Problem to solve:
Skip the pictures, please, and write out exactly the lines from the opening of the data through the line containing "3D Papercut Thanksgiving".

Dataset excerpts:
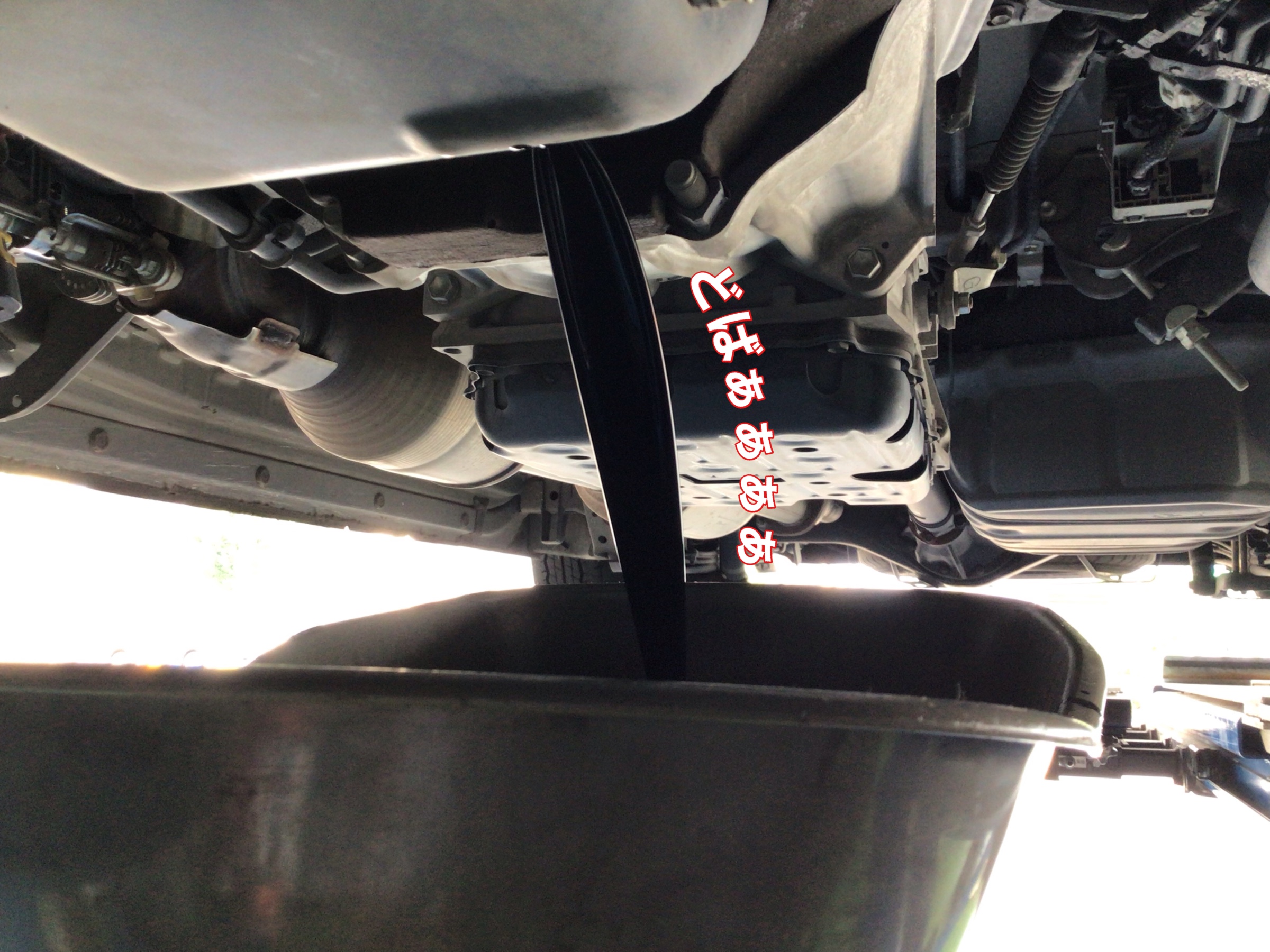 今回は下抜きをします。オイルパンの写真を掲載します。 丸で囲まれた2つを取り外し、交換します。
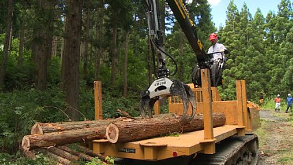 遠野地方森林組合がおととい(1日・火曜日)、宮守町鹿込地区で、この春導入した高性能林業機械を使って森林整備を行いました。遠野地方森林組合が新しく導入したのは、ハーベスタと、フォワーダの合わせて2台です。ハーベスタは木を切り倒し、枝を払いながらサイズに合わせて切断し、丸太にする機械です。また、フォワーダは、切断された丸太を、荷台に積みこんで運ぶ車両です。森林組合ではことし3月、県の「森林・林業再生基盤づくり交付金」を含む、遠野市の「高性能林業機械導入事業費補助金」2204万円を活用して機械を導入しました。この日は、森林組合に所属する3人が、地区の森林7.6ヘクタールで、スギの木の伐採などを行いました。機械の導入により、伐採から積み込みまでをすべて機械で行えるようになったことから、作業員の労力を軽減でき、さらに、安全面も確保できるようになったということです。森林組合では、これらの機械を活用しながら今後も遠野の森の整備に力を注いでいくということです。
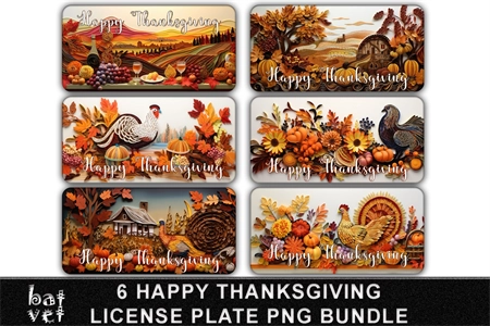 3D Papercut Thanksgiving License Plate Sublimation Bundle / Happy Thanksgiving Car Plate Designs / 6 PNG Files
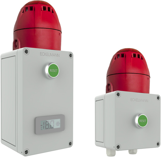 Die E*LDS Alarmbox Maxi (B x H x T: 110 x 180 x 90 mm) von Eckelmann eignet sich für CO2-Gaswarngeräte, Temperaturalarme und mehr. Das kombinierte optisch-akustische Signalgerät lässt sich optional mit einer digitalen Temperaturanzeige (BT30) ausstatten. Über einen potentialfreien Kontakt werden Alarmmeldungen aufgeschaltet. Durch einen zusätzlichen potentialfreien Wechselkontakt kann die Alarmmeldung auch auf weitere Meldegeräte geschaltet werden. Um das Alarmsignal mit einem pulsierenden Ton von 90 bis 95 dB zu deaktivieren, muss die frontseitige Reset-Taste gedrückt werden. Das optische Signal (Blitzleuchte) bleibt nach einem Reset solange bestehen, wie der Alarm ansteht bzw. bis die Ursache behoben wurde. Speziell für CO2-Gaswarngeräte gibt es darüber hinaus die E*LDS Alarmbox Mini (B x H x T: 110 x 110 x 90 mm). Sie hat eine Blitzleuchte mit Hupe in 24-VDC-Ausführung. Hupe, Blitzleuchte und Reset-Taste sind auf Klemme verdrahtet, somit kann die Alarmbox an fast jedes Gaswarnkontrollsystem mit 24 VDC digitalem Ausgang angeschlossen werden.
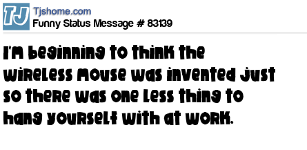 X I'm beginning to think the wireless mouse was invented just so there was one less thing to hang yourself with at work.

Reply:
 今回は下抜きをします。オイルパンの写真を掲載します。 丸で囲まれた2つを取り外し、交換します。
 遠野地方森林組合がおととい(1日・火曜日)、宮守町鹿込地区で、この春導入した高性能林業機械を使って森林整備を行いました。遠野地方森林組合が新しく導入したのは、ハーベスタと、フォワーダの合わせて2台です。ハーベスタは木を切り倒し、枝を払いながらサイズに合わせて切断し、丸太にする機械です。また、フォワーダは、切断された丸太を、荷台に積みこんで運ぶ車両です。森林組合ではことし3月、県の「森林・林業再生基盤づくり交付金」を含む、遠野市の「高性能林業機械導入事業費補助金」2204万円を活用して機械を導入しました。この日は、森林組合に所属する3人が、地区の森林7.6ヘクタールで、スギの木の伐採などを行いました。機械の導入により、伐採から積み込みまでをすべて機械で行えるようになったことから、作業員の労力を軽減でき、さらに、安全面も確保できるようになったということです。森林組合では、これらの機械を活用しながら今後も遠野の森の整備に力を注いでいくということです。
 3D Papercut Thanksgiving License Plate Sublimation Bundle / Happy Thanksgiving Car Plate Designs / 6 PNG Files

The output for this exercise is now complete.